[Extracted data entries]
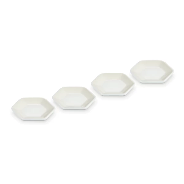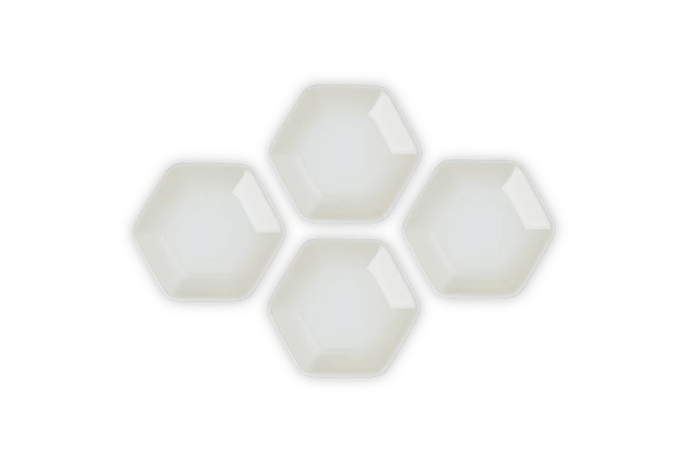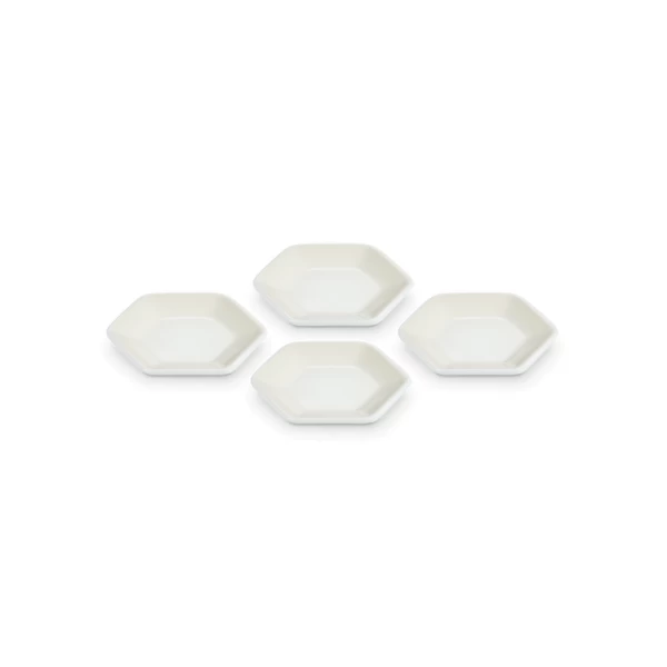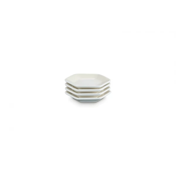 De vier Le Creuset serveerschaaltjes zijn gemaakt van geglazuurd aardewerk, uitgevoerd in crèmekleur. De schaaltjes zijn 8,5 cm breed, 9,5 cm lang en 1,5 cm hoog. Gebruik om (dip)sauzen te serveren.
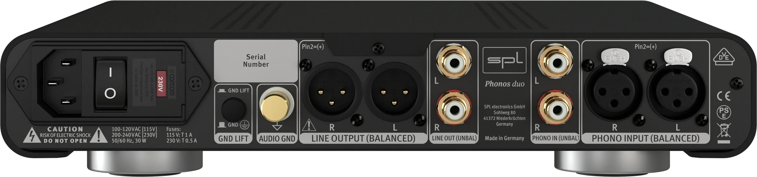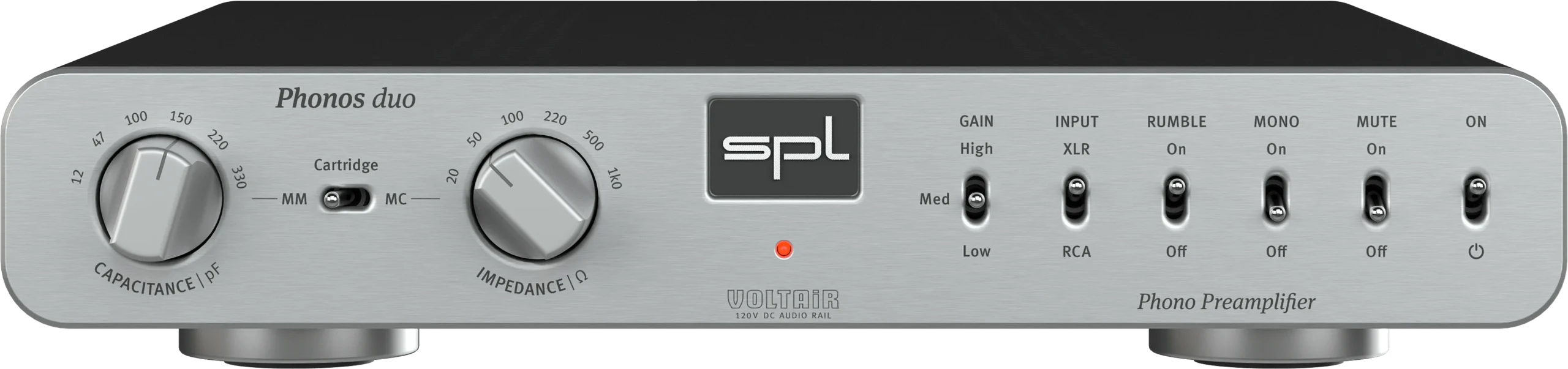 The very low output voltage makes preamplifier design a challenge, because it has to be pre-amplified extremely noise-free. With up to 70 dB preamplification, Phonos duo offers one of the most powerful phono preamplifiers for moving coil systems. Thanks to SPL 120V technology, Phonos duo amplifies extremely low-noise, linear and phase-locked.
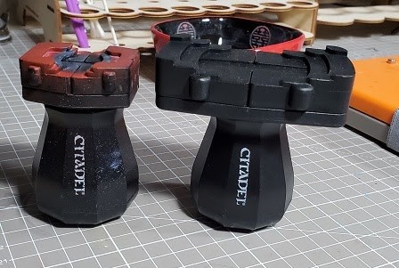 Raf: Using painting handles after years of holding the model takes some getting used to, but I will say that once you're use to it it's pretty great. I've been using old pill bottles for years and having an entire squad mounted on these makes some organizational improvements that - like many things on this list - go a long way to helping make you more efficient.
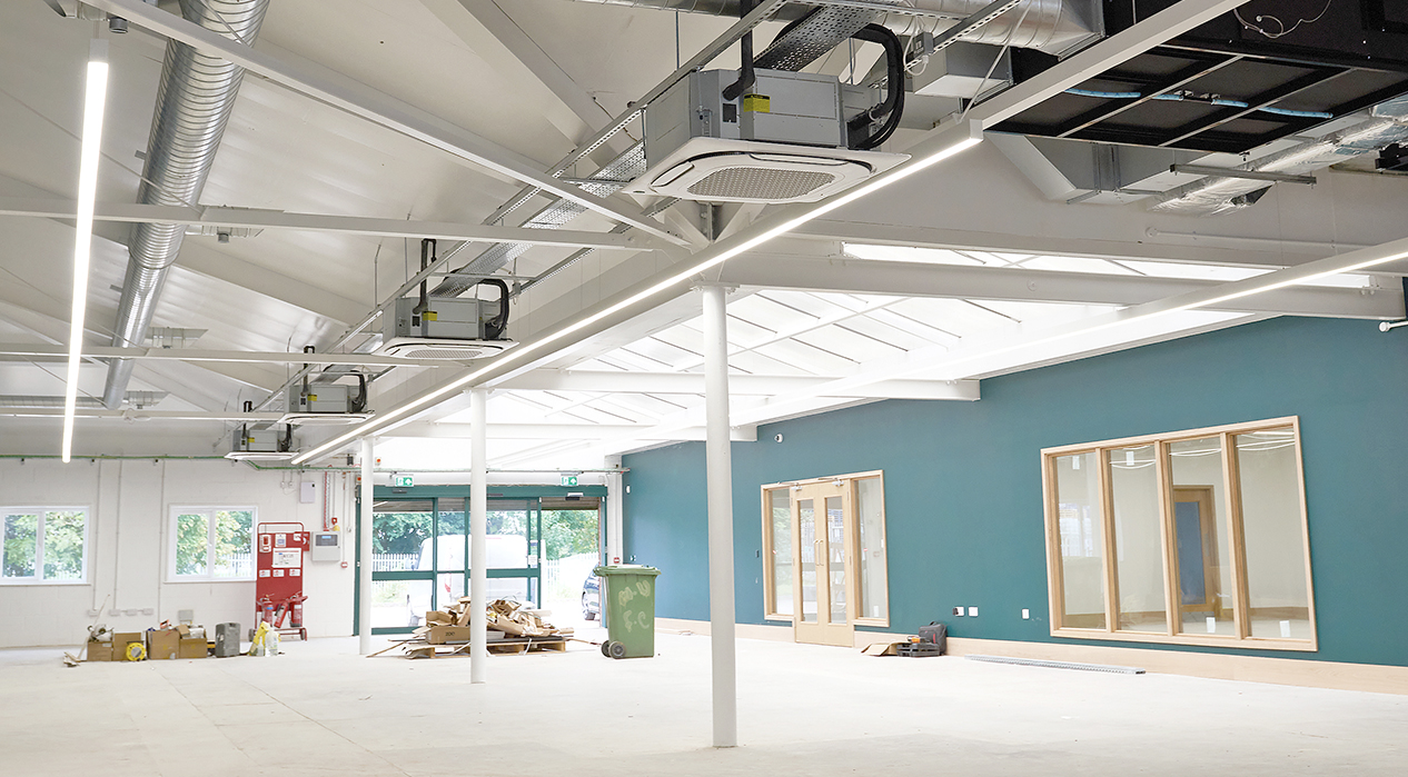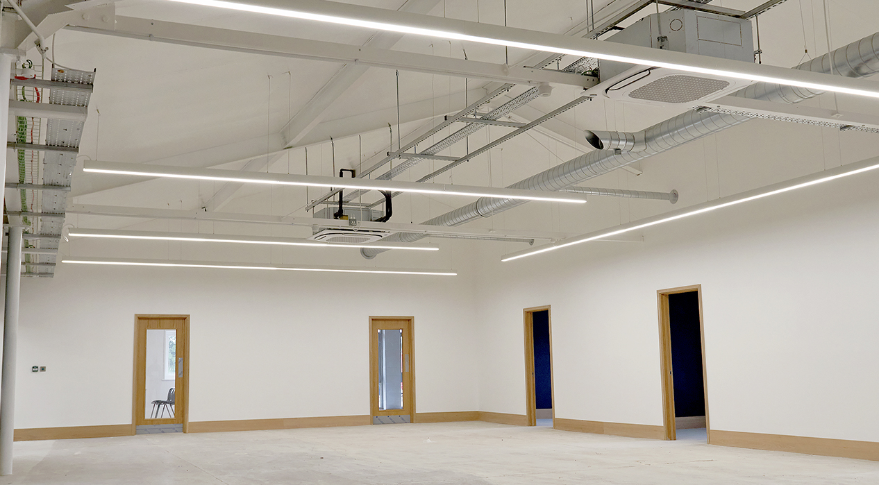 Working with Adi Group, Luceco created a sustainable LED lighting solution that included its Contour luminaires, Platinum Pendants and Darklights, and Ceres high bays.
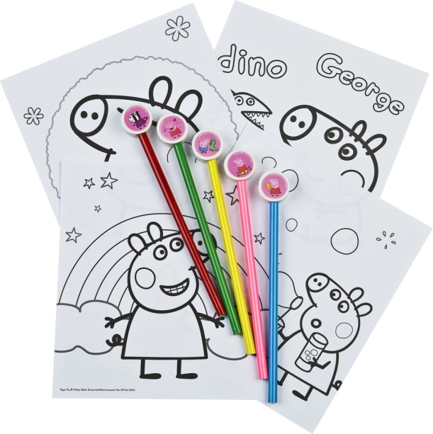 - 24 posters met Peppa Pig-motieven die kinderen naar eigen fantasie kunnen inkleuren.
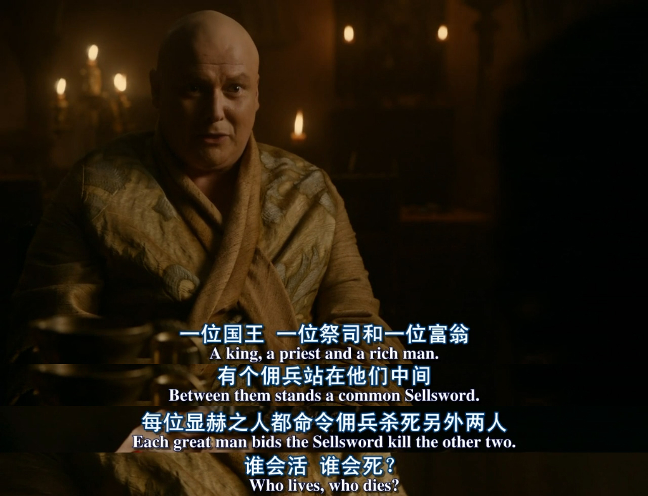瓦里斯和小恶魔坐在桌前,瓦里斯用一个哑谜传达了他的目的和思想。
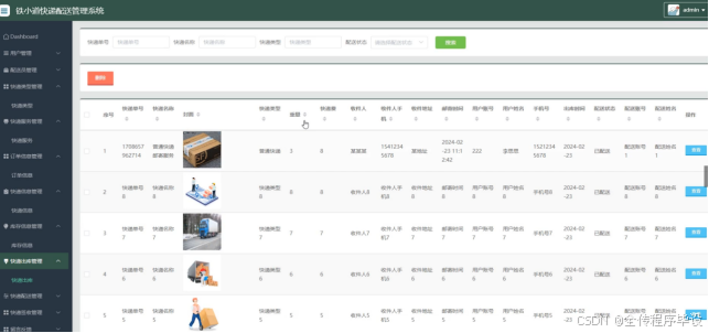 图5-13快递信息管理界面
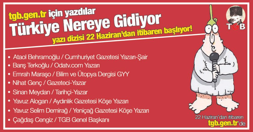Türkiye’nin öncü aydınları tgb.gen.tr için yazdılar. Cumhuriyet Gazetesi Köşe Yazarı ve Şair Ataol Behramoğlu, Odatv.com yazarı Barış Terkoğlu, Bilim ve Ütopya Dergisi Genel Yayın Yönetmeni Emrah Maraşo, Yazar Nihat Genç, Tarihçi Yazar Sinan Meydan, Aydınlık Gazetesi Köşe Yazarı Yavuz Alogan, Yeniçağ Gazetesi Köşe Yazarı Yavuz Selim Demirağ ve TGB Genel Başkanı Çağdaş Cengiz 22 Haziran’dan itibaren tgb.gen.tr’de!
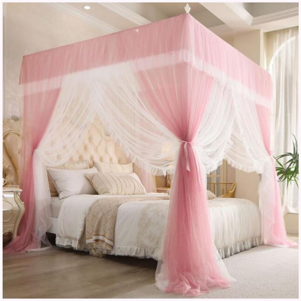 Square Top Cut Mosquito Net With Four Corner Posts And Frame Pink 1.5x2.0m Princess Bed Double Veil Floor Net

__YOUR TASK__
Quote every record above exactly, omitting any pictures they contain.

__WRITTEN RESPONSE__
 De vier Le Creuset serveerschaaltjes zijn gemaakt van geglazuurd aardewerk, uitgevoerd in crèmekleur. De schaaltjes zijn 8,5 cm breed, 9,5 cm lang en 1,5 cm hoog. Gebruik om (dip)sauzen te serveren.
 The very low output voltage makes preamplifier design a challenge, because it has to be pre-amplified extremely noise-free. With up to 70 dB preamplification, Phonos duo offers one of the most powerful phono preamplifiers for moving coil systems. Thanks to SPL 120V technology, Phonos duo amplifies extremely low-noise, linear and phase-locked.
 Raf: Using painting handles after years of holding the model takes some getting used to, but I will say that once you're use to it it's pretty great. I've been using old pill bottles for years and having an entire squad mounted on these makes some organizational improvements that - like many things on this list - go a long way to helping make you more efficient.
 Working with Adi Group, Luceco created a sustainable LED lighting solution that included its Contour luminaires, Platinum Pendants and Darklights, and Ceres high bays.
 - 24 posters met Peppa Pig-motieven die kinderen naar eigen fantasie kunnen inkleuren.
瓦里斯和小恶魔坐在桌前,瓦里斯用一个哑谜传达了他的目的和思想。
 图5-13快递信息管理界面
Türkiye’nin öncü aydınları tgb.gen.tr için yazdılar. Cumhuriyet Gazetesi Köşe Yazarı ve Şair Ataol Behramoğlu, Odatv.com yazarı Barış Terkoğlu, Bilim ve Ütopya Dergisi Genel Yayın Yönetmeni Emrah Maraşo, Yazar Nihat Genç, Tarihçi Yazar Sinan Meydan, Aydınlık Gazetesi Köşe Yazarı Yavuz Alogan, Yeniçağ Gazetesi Köşe Yazarı Yavuz Selim Demirağ ve TGB Genel Başkanı Çağdaş Cengiz 22 Haziran’dan itibaren tgb.gen.tr’de!
 Square Top Cut Mosquito Net With Four Corner Posts And Frame Pink 1.5x2.0m Princess Bed Double Veil Floor Net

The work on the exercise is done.